2013: The End of the Wait-and-See Office Market in NYC?

by admin

We We ended 2012 with a “wait-and-see” New York City office market, a predicament common to other cities and commercial real estate sectors across the U.S. With elections, the fiscal cliff and 2012 behind us, we expect 2013 to be a bit of a transition year with moderate growth, but it will still be interesting to observe and be a part of one of the world’s most dynamic markets as Midtown, Midtown South and Downtown evolve and historic developments such as the World Trade Center continue to take shape.

In terms of tenant activity, Midtown South is still the biggest story. Midtown South vacancy closed the year at 7.9 percent, with average asking rents of $49.69 per square foot, while the submarket’s Class A space was 5.2 percent vacant with average asking rates of $62.57 per square foot. With Google and its $2 billion New York City headquarters at 111 Eighth Ave., Midtown South’s Silicon Alley has emerged as the East Coast hot spot for tech and social media tenants that are drawn to the city’s media and financial agglomerations and talent pool.
Though Midtown and Midtown South offer a different vibe and, generally, different types of office inventory, owners in the two submarkets are competing for many of the same end-users, which enables potential tenants to play the two markets against each other. Midtown space tends to be more corporate, with floorplates exceeding 30,000 square feet, whereas most Midtown South buildings are older, smaller and generally have floorplates of 15,000 to 25,000 square feet.
While Midtown might make more sense from an operational efficiency standpoint, Midtown South’s ambiance and connection to hip neighborhoods and areas such as Chelsea, the Meat Packing District and Flatiron, differentiate it in terms of its allure for tech and social media companies and employees.
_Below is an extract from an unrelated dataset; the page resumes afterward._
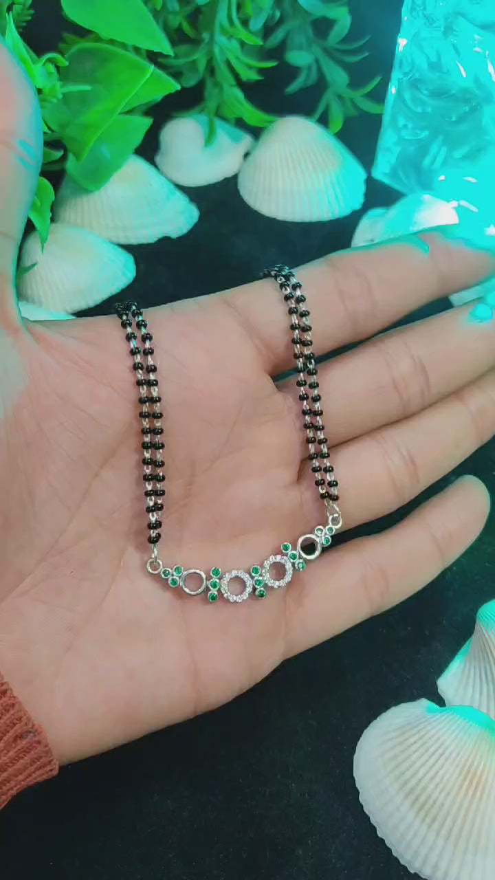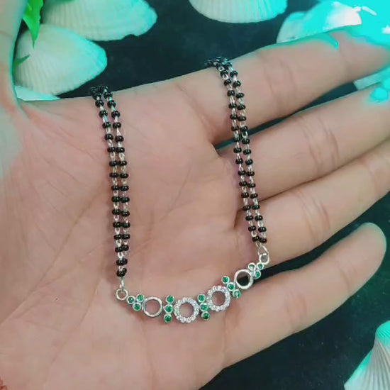 Exquisite Green Stone Silver Mangal Sutra | Jewelry by SilverSlayy

These factors keep Midtown South’s large buildings with large floorplates — 620 Avenue of the Americas, 11 Madison Ave. and 111 Eighth Ave., for example — near full occupancy.
For 2013, we expect Midtown South rents to spike sharply as the area continues to draw technology and social media firms. It’s an ironic twist because tenants that once viewed Midtown South as the low-cost option now seek less expensive space in re-emerging areas such as Downtown and Penn Station/Garment submarket. We’ll also see a continued influx of relatively new property owners willing to speculate on adaptive reuse, similar to Savanna’s redevelopment plans for 249 and 245 West 17th St. We anticipate that Midtown will continue to lose tenants to Midtown South and other, less-costly areas, but, overall Midtown vacancy will remain around 10 percent and rents will increase steadily.
Downtown, the 1 World Trade Center Freedom Tower rises magnificently, as does neighboring 4 World Trade Center, both of which are slated for 2013 completion. With Condé Nast’s nearly 1.2 million-square-foot commitment to 1 World Trade Center, it will be interesting to see if Downtown emerges as a center for media and technology tenants that would accompany the submarket’s traditional finance, insurance and real estate occupiers.
Capital Markets Questions
Two office building sales that were expected to close around the end of 2012 — but did not — may suggest more wait-and-see for 2013. Owners of 11 Madison Avenue and One Worldwide Plaza anticipated their properties would fetch more than $1 billion and $1.5 billion, respectively, but offers fell below expectations, according to media reports, and the properties were pulled off the market. Higher valuations should indicate greater confidence in New York City’s leasing markets, but, an alternative approach by current owners — refinancing, for example — does not suggest a negative outlook. Still, the fact that New York office properties were pulled from the market proves that ownership price expectations remain above what the marketplace is willing to bear.
More than ever, corporate tenants remain mindful of capital expenses and optimized utilization of office space as they shrink per-person space metrics. That said, Manhattan continues to be a global marketplace where people and companies desire to live and operate. Long term, demand seems to outpace supply, and, ultimately, that suggests a healthy 2013 and robust 2014.